Il y a 20 ou 30 ans, cette exposition n'aurait pas eu lieu, pour la plus simple des raisons : les animaux n'avaient pas encore repris leurs quartiers dans l'art actuel. Désormais, ils y pullulent, comme les sangliers dans les campagnes. Toutes nationalités et générations confondues, les artistes ont fait de nos amies les bêtes leurs meilleures collaboratrices.

 

Est-ce parce que des espèces disparaissent en nombre de plus en plus élevé qu'il est enfin urgent de leur témoigner attention ? Ou parce que les animaux sont les protagonistes nécessaires des fables, légendes et mythes dont l'époque manque si cruellement ? Ou parce que l'art, les ayant négligés de la fin du XIXe à celle du XXe siècle, les redécouvre avec enchantement ?

 

Cabinet de curiosités

 

L'abondance est telle que le Centre des monuments nationaux (CMN) en a fait une exposition complète, confiée à Claude d'Anthenaise, directeur du Musée de la chasse et de la nature. Il l'a d'abord présentée par pièces et morceaux dans les châteaux, abbayes et forteresses qu'il conserve, une oeuvre dans une salle d'armes, une autre dans un cloître. L'ensemble est désormais réuni sous les voûtes gothiques de la Conciergerie. Si vastes soient-elles, elles n'accueillent pas sans peine les travaux de quarante-cinq artistes, dont plusieurs installations de grandes dimensions.
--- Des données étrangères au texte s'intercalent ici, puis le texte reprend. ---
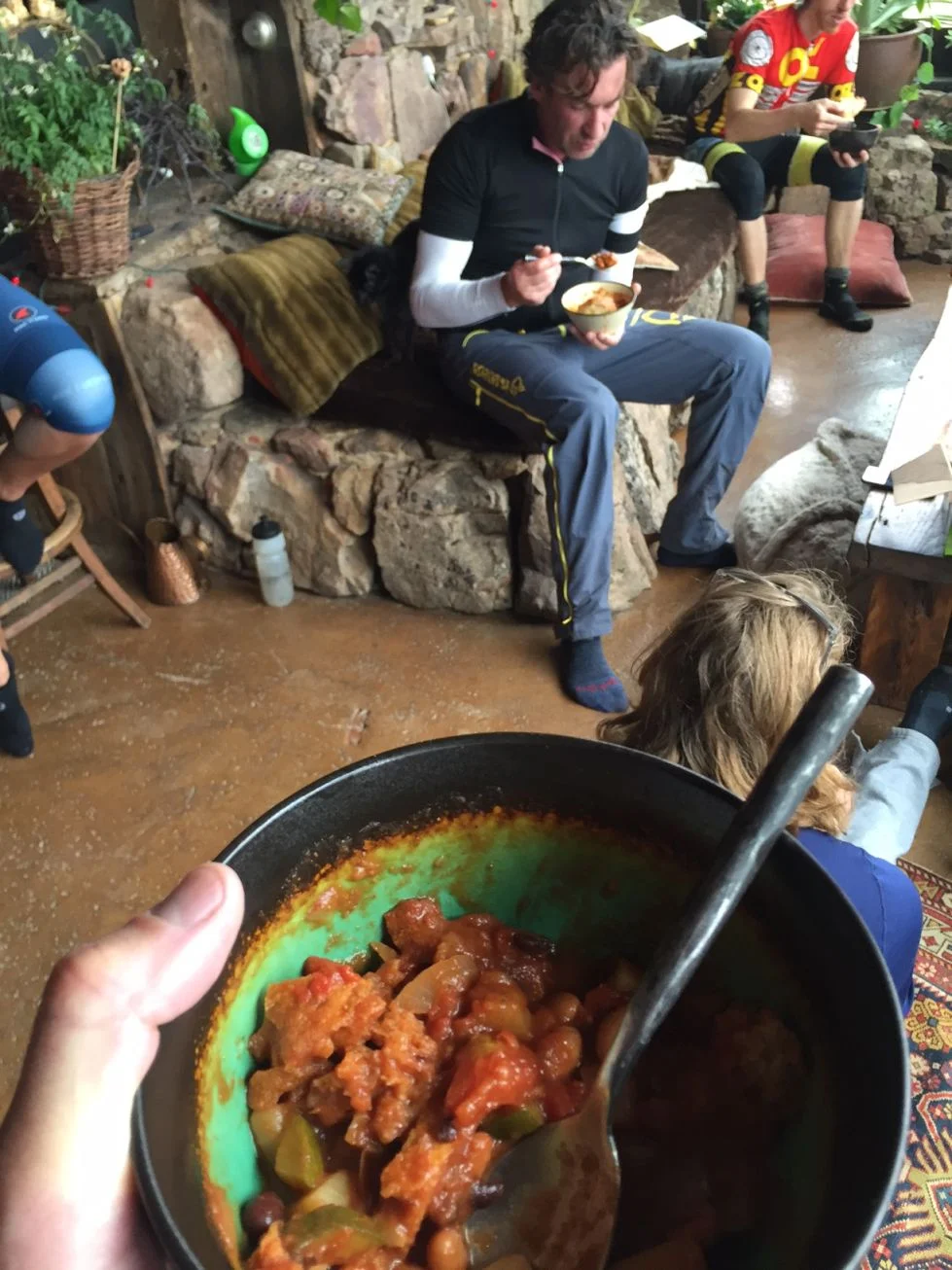At the top we turned on dirt and continued on. Scott and I got to ride together and chat eventually bringing us to a nice little cabin that was all set for us to stop, eat and mark the halfway point of the ride. All this was done courtesy of Max, Hilary and their friends.

Contraint par le nombre et l'espace, l'accrochage hésite entre zoo et cabinet de curiosités, ce qui a du moins le mérite de rappeler aux visiteurs deux des modes historiques d'exposition de l'animalité en Occident.

 

Autre difficulté, le choix des oeuvres, d'autant plus compliqué que l'engouement est général. On comprend mal l'absence des peluches d'Annette Messager, des portraits d'animaux empaillés de Bettina Rheims, des photos et vidéos de chats ou de sangliers d'Adel Abdessemed. L'absence de la peinture ne s'explique pas mieux. A l'inverse, plusieurs présences ne s'expliquent que trop par un traitement du sujet illustratif, ou relevé d'un peu de fantastique prévisible.

 

Parmi les oeuvres les plus convaincantes, la vidéo domine, du Repas de famille d'Isabelle Lévénez, simple métamorphose qui crée le malaise, à un autre repas, celui des rapaces, provoqué et filmé par Greta Alfaro, digne disciple du grand Buñuel. On se rassérénera devant les oiseaux musiciens d'Ariane Michel, filmés dans l'installation de Céleste Boursier-Mougenot : des perruches dansant sur des cordes de guitare. Mais La Curée, de Tania Mouraud, fait retomber aussitôt dans l'inquiétude.

 

Côté sculpture, l'animal naturalisé et modifié sert beaucoup, cervidés, chouettes, mouches même. On admire le savoir-faire, sans en être ému. Ces démonstrations d'habileté sont loin d'être aussi intenses que la sculpture. Elle, de Gloria Friedmann, allégorie érotique, macabre, animalière et humaine à la fois, variation d'aujourd'hui sur des mythes anciens et ce que l'on aurait appelé autrefois un chef-d'oeuvre.

 

Bêtes off, Conciergerie. 2, boulevard du Palais, Paris (1er). Tél. : 01-53-40-60-80. Tous les jours de 9h30 à 18h. Entrée : 8,50 €. Jusqu'au 11 mars 2012.